Подъехал командир дивизии Кондратенко.
— Дело тебе нашли, — закричал ему Михаил Семенович, — черепицу делать. Вот инвалиды глины найти не могут. Организуй черепичное дело, будем меняться: ты мне черепицу, я тебе лес.
— Есть организовать. Авансом не дашь кубометров шесть пиломатериала, Михаил Семенович? А черепицы я тебе нащелкаю сколько хочешь.
Они пожали друг другу руки в знак сговора.
Со стекольного поехали еще в один колхоз, а потом решили горами пробраться прямо к Варваре.
Ночь застала в горах.

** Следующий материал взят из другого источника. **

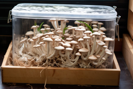 oyster mushrooms sprouting in a diy grow kit, created with generative ai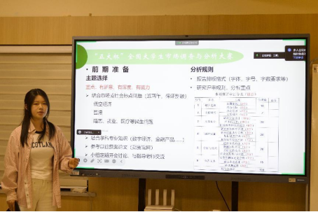 谷源圍繞“正大杯”全國大學生市場調查與分析大賽展開分享。她認為,競賽前期的主題選擇要“新”意十足、“深”入挖掘,要結合當下熱點與專業知識。在實證分析時,不能舍本逐末追求模型的華麗,而要注重實際應用,讓分析結果真正“落地”,從而提出切實可行的建議。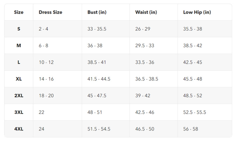 Alle produktene er i henhold til størrelsestabellen nedenfor. Hvis du er mellom to størrelser på grunn av BH-størrelsen, anbefaler vi absolutt å ta en størrelse opp for å sikre at bysten ikke komprimeres og forblir støttet og komfortabel.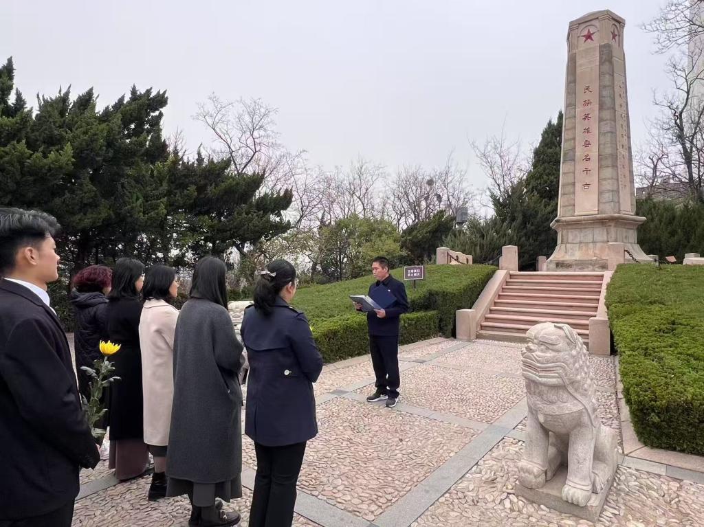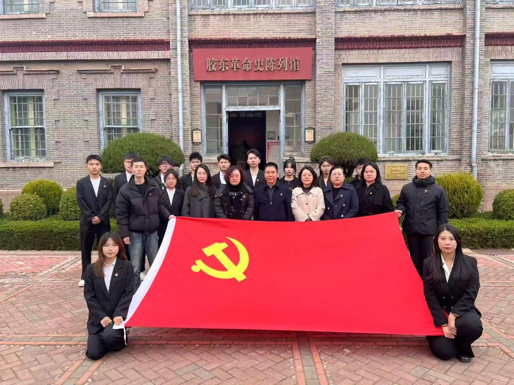 活动伊始,师生们来到了美国领事馆旧址,历史的厚重感扑面而来。馆内陈列的历史资料、老旧物件,无声诉说着近代中国遭受的屈辱与沧桑。通过讲解员的细致解说,大家深入了解不平等条约签订背景,以及烟台人民在艰难时局中不屈抗争的过往。大家驻足凝视,深刻领悟到国家主权与民族独立的珍贵,进一步增强了民族自豪感和责任感。随后,师生们步入胶东革命史纪念馆,馆内丰富的史料、逼真的场景复原,重现了胶东地区波澜壮阔的革命画卷。大家依次参观了各个展厅,全面了解了胶东地区自五四运动以来,在先进思想引领下开展革命斗争的光辉历程。同时,郭寿生、邓兆祥、李之龙等革命先烈的英勇事迹和崇高精神,深深打动了在场的每一个人,先烈们用热血诠释信仰,用生命践行担当。参观结束后,王书记表示,团员同志们要将对英烈的缅怀之情转化为学习和生活的动力,在新时代展现新担当、新作为,永葆共青团员的先进性。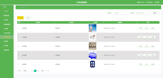 图5.2 即为编码实现的公告信息管理界面,公告信息包括公告内容,图片等信息。管理可以使用修改功能对登记有误的公告信息进行修改,可以删除需要删除的公告信息等。
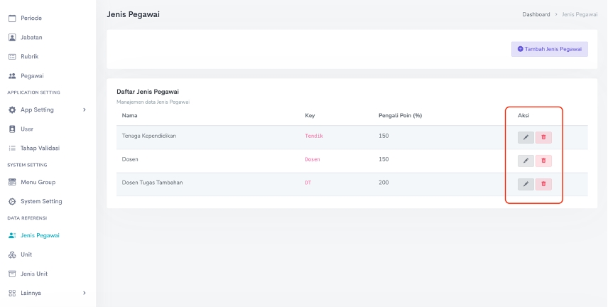 Untuk mengubah data referensi Jenis Pegawai, dapat dilakukan dengam menekan tombol edit (ikon pensil), dan untuk menghapus data Jenis Pegawai yang sudah ada, bisa menekan tombol hapus (ikon trash) pada tabel data Jenis Pegawai di kolom Aksi, seperti yang ditunjukkan pada gambar berikut: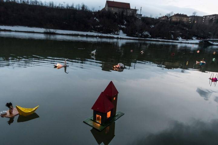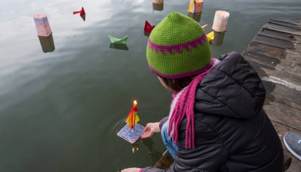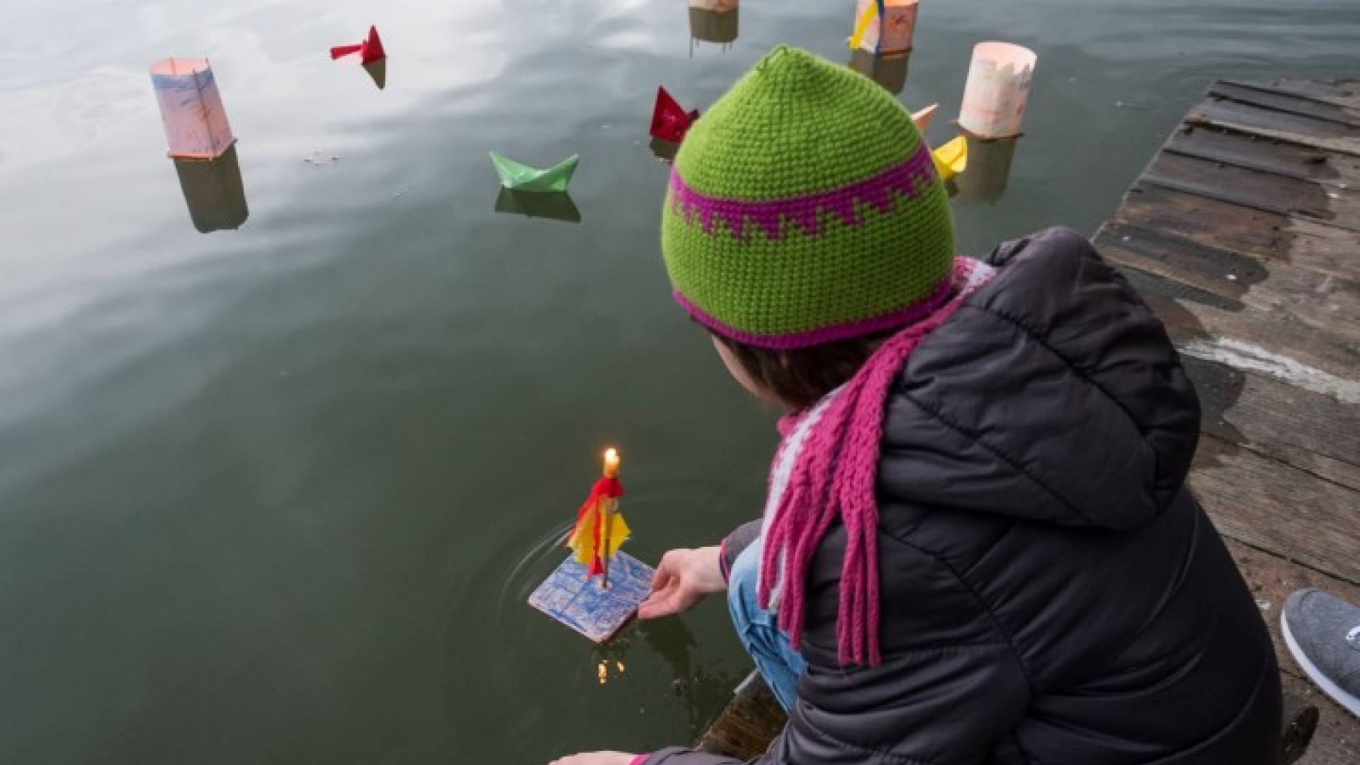Danes so se zbrali otroci in starejši obiskovalci, ki so uživali ob pogledu na plavajoče gregorčke.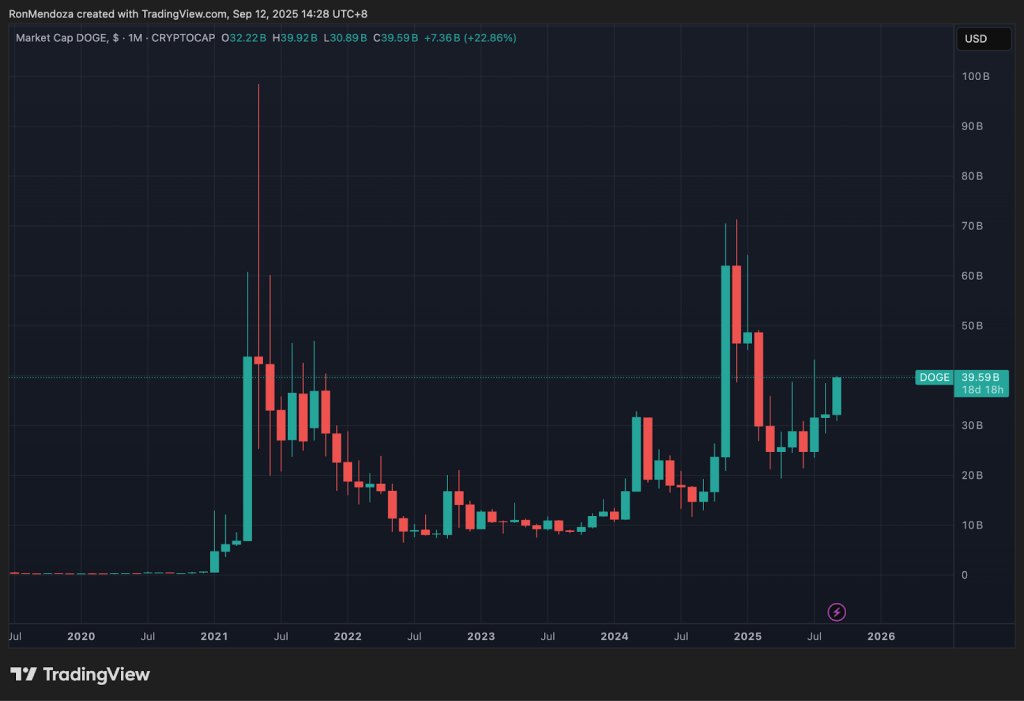 The days when Musk would go wild shouting on national television “to the moon” are long gone, and DOGE has never touched the highs it reached during that frenzy in 2021.

Ехали медленно и на подъемах шли пешком. Свободного времени было сколько угодно, и Луза, которому наскучили все эти дела и цифры, заговорил о войне.
— Война, война! — О войне Михаил Семенович может говорить не меньше Лузы. — Что я тебе сказку? Надо иметь столько стали и железа, сколько нет у противника, хлеба больше, чем он имеет, и мужества больше, чем предполагает в нас. О войне спрашивать все равно, что о болезни. Какой, мол, у тебя будет сыпняк — легкий или тяжелый? А чёрт его знает, какой. Всякий сыпняк тяжелый, если здоровье плохое.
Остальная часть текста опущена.